The contents of posterior mediastinum can be remembered using the mnemonic, "DATES"
- Descending aorta
- Azygous vein and hemiazygos vein
- Thoracic duct
- Esophagus
- Sympathetic trunk/ganglia.

===Foramen magnum===
Contents of the foramen magnum: VAMPS-AT-SD

or

VAMPires Sing AT SD card
- Vertebral arteries
- Anterior spinal artery
- Meninges associated with the spinal cord
- Posterior spinal arteries
- Spinal roots of the accessory nerve (CN XI)
- Apical ligament of the dens
- Tectorial membrane
- Spinal cord
- Dural veins (Dural venous sinuses)

VAMPires Stalk At Twilight Seaking Damsels/Darkness

VAMPires Sing AT SunDown

Contents of the foramen magnum: VAMPS-ATM

or

VAMPires Sing AT Midnight
- Vertebral arteries
- Anterior spinal artery
- Meningeal branches of the cervical nerves
- Posterior spinal arteries
- Spinal part of the accessory nerve
- Alar and apical ligaments of the dens
- Tectorial membrane
- Medulla oblongata

===Greater sciatic foramen===
Structures passing through greater sciatic foramen below piriformis (S.N.I.P. N.I.P.)
- sciatic nerve
- nerve to obturator internus
- internal pudendal vessel
- pudendal nerve
- nerve to quadratus femoris
- inferior gluteal vessels
- posterior cutaneous nerve of thigh

===Lesser sciatic foramen===
Structures passing through lesser sciatic foramen: (P.I.N.T.)
- pudendal nerve
- internal pudendal vessels
- nerve to obturator internus
- tendon of obturator internus

===Tarsal tunnel===
a mnemonic to remember the contents of the Tarsal tunnel from anterior to posterior is "Tom, Dick and Harry". or alternatively "Tom, Dick (and very nervous) Harry" if the artery, vein, and nerve are included.

===Femoral triangle===
The femoral triangle is shaped like the sail of a sailing ship and hence its boundaries can be remembered using the mnemonic, "SAIL":
- Sartorius
- Adductor longus
- Inguinal Ligament.

The order of structures in the femoral triangle is important in the embalming of bodies, as the femoral artery is often exposed and used to pump embalming fluids into the body. The order of this neurovascular bundle can be remembered using the mnemonic, "NAVY":
- Nerve
- Artery
- Vein
- Y -fronts (the British term of a style of men's underwear with a Y-shaped front that acts as a fly). The "Y" is midline (corresponding with the penis) and the mnemonic always reads from lateral to medial (in other words, the Femoral Nerve is always lateral).

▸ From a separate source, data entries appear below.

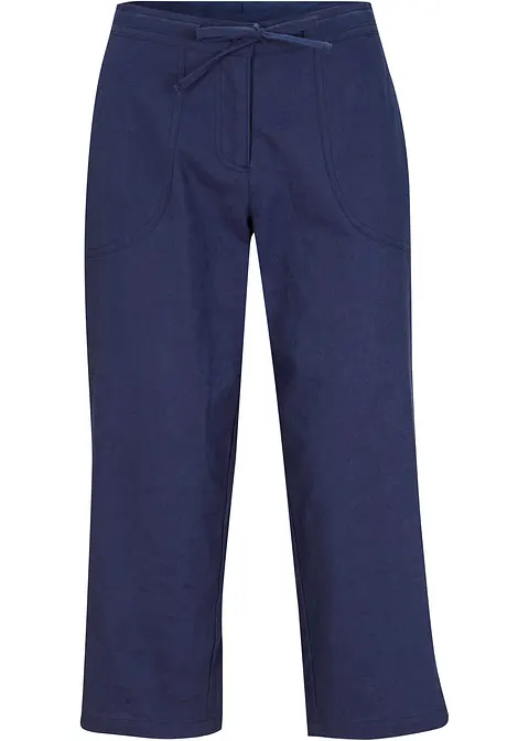 Komfortable 3/4-Leinenhose mit Bindeband und Taschen
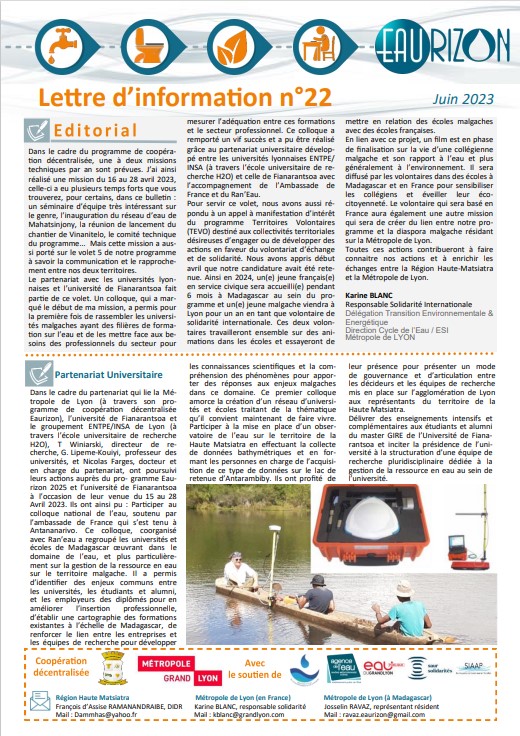 EAURIZON 2025 - 1ère année du programme de coopération avec la région Haute Matsiatra
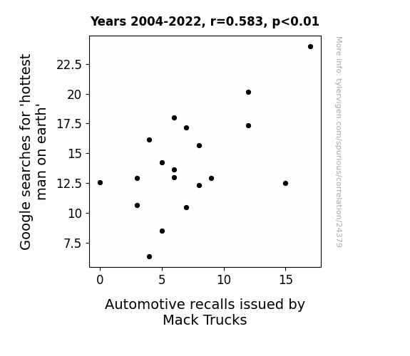 This means 34% of the change in the one variable (i.e., Automotive recalls issued by Mack Trucks) is predictable based on the change in the other (i.e., Google searches for 'hottest man on earth') over the 19 years from 2004 through 2022.

An alternate to this mnemonic is "NAVEL" for Nerve, Artery, Vein, Empty Space and Lymph, to include the deep inguinal lymph nodes located medial to the Femoral vein.

===Popliteal fossa===
A useful mnemonic to remember popliteal fossa anatomy (medial-to-lateral arrangement) is: Serve And Volley Next Ball.
- S: semimembranosus and semitendinosus (superior medial border)
- A: artery (popliteal artery)
- V: vein (popliteal vein)
- N: nerve (tibial nerve)
- B: biceps femoris (superior lateral border). The lateral and medial heads of gastrocnemius form the inferior border.

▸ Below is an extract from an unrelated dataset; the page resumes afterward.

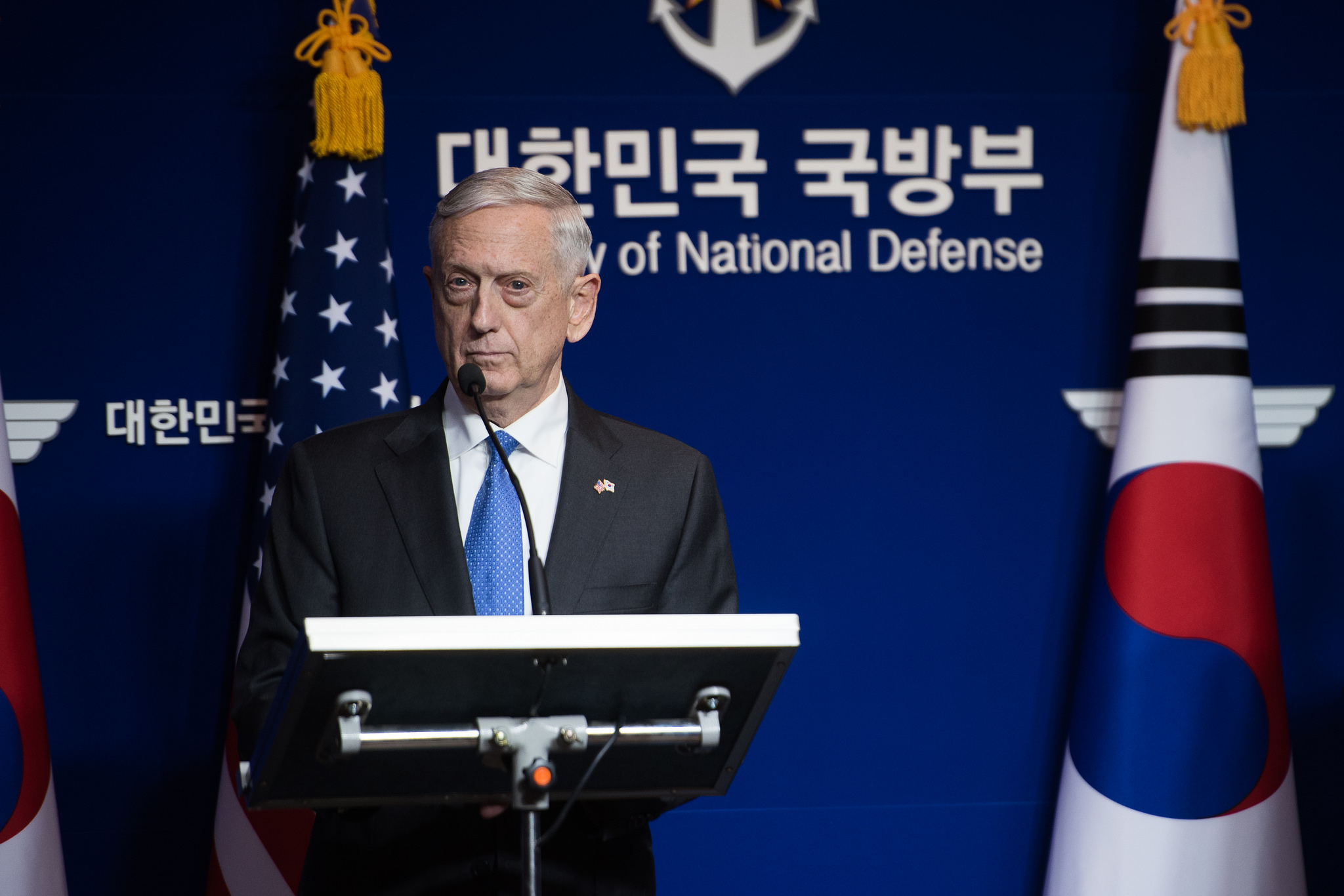 Defense Secretary James Mattis at a media conference following the 49th Security Consultative Meeting at the South Korean Ministry of Defense in Seoul, October 2017 (Photo: Jim Mattis/Flickr)

Or Serve Aunt Vivvien Next Bowl

===Carotid sheath contents===
I See 10 CC's in the IV:^{p. 1}

- I See (I.C.) = Internal Carotid artery
- 10 = CN 10 (Vagus nerve)
- CC = Common Carotid artery
- IV = Internal Jugular Vein

===Cavernous sinus contents===
O TOM CAT:^{p. 1}

O TOM are lateral wall components, in order from superior to inferior.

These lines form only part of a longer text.